There's a driver that queries for this to initialize the pstore for
ChromeOS:
See drivers/platform/chrome/chromeos_pstore.c
Problem:
The problem is that, even though there's a process to change the kernel on
these systems, and is done regularly to install updates, the firmware is
updated much less frequently. Choosing the place in RAM also takes special
care, and may be in a different address for different boards. Updating the
size via firmware is a large effort and not something that many are willing
to do for a temporary pstore size change.
Requirement:
Need a way to reserve memory that will be at a consistent location for
every boot, if the kernel and system are the same. Does not need to work
if rebooting to a different kernel, or if the system can change the
memory layout between boots.
The reserved memory can not be an hard coded address, as the same kernel /
command line needs to run on several different machines. The picked memory
reservation just needs to be the same for a given machine, but may be
different for different machines.
Solution:
The solution I have come up with is to introduce a new "reserve_mem=" kernel
command line. This parameter takes the following format:
reserve_mem=nn:align:label
Where nn is the size of memory to reserve, the align is the alignment of
that memory, and label is the way for other sub-systems to find that memory.
This way the kernel command line could have:
reserve_mem=12M:4096:oops ramoops.mem_name=oops
At boot up, the kernel will search for 12 megabytes in usable memory regions
with an alignment of 4096. It will start at the highest regions and work its
way down (for those old devices that want access to lower address DMA). When
it finds a region, it will save it off in a small table and mark it with the
"oops" label. Then the pstore ramoops sub-system could ask for that memory
and location, and it will map itself there.

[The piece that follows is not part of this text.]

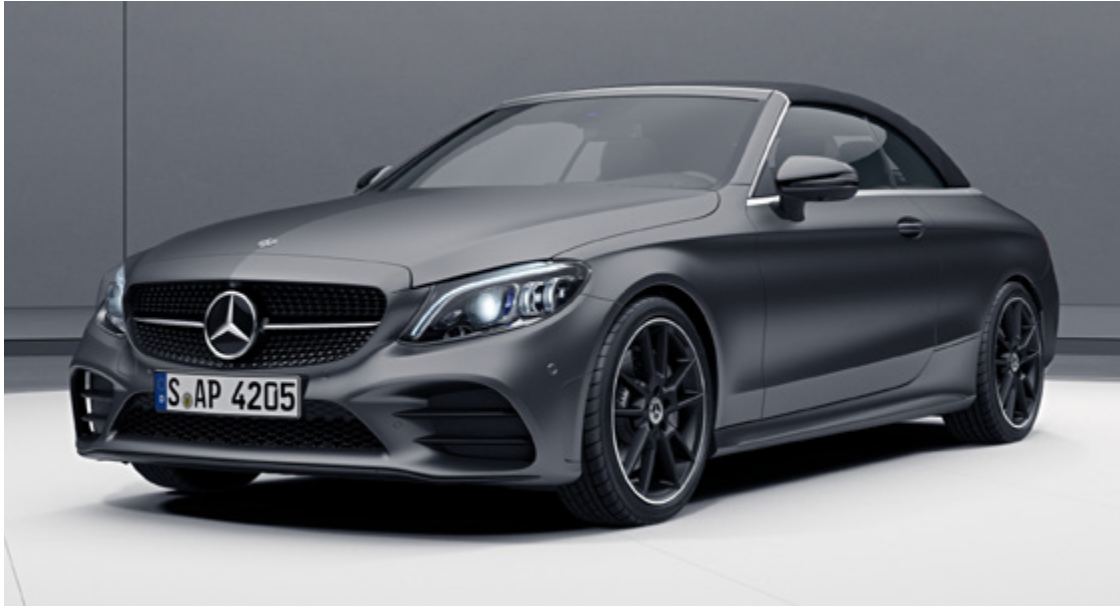
AMG Line Interior (P29) | AMG line Exterior (P31) | Night Package(P55) | AMG spoiler lip (U47) Surround lighting with projection of brand logo (586) | Interior Light package (876)

This prototype allows for 8 different mappings (which may be overkill, 4 is
probably plenty) with 16 byte size to store the label.
I have tested this and it works for us to solve the above problem. We can
update the kernel and command line and increase the size of pstore without
needing to update the firmware, or knowing every memory layout of each
board. I only tested this locally, it has not been tested in the field.
Changes since v5: https://lore.kernel.org/all/[email protected]/
[ patch at bottom showing differences ]
- Stressed more that this is a best effort use case
- Updated ramoops.rst to document this new feature
- Used a new variable "tmp" to use in reserve_mem_find_by_name() instead
of using "size" and possibly corrupting it.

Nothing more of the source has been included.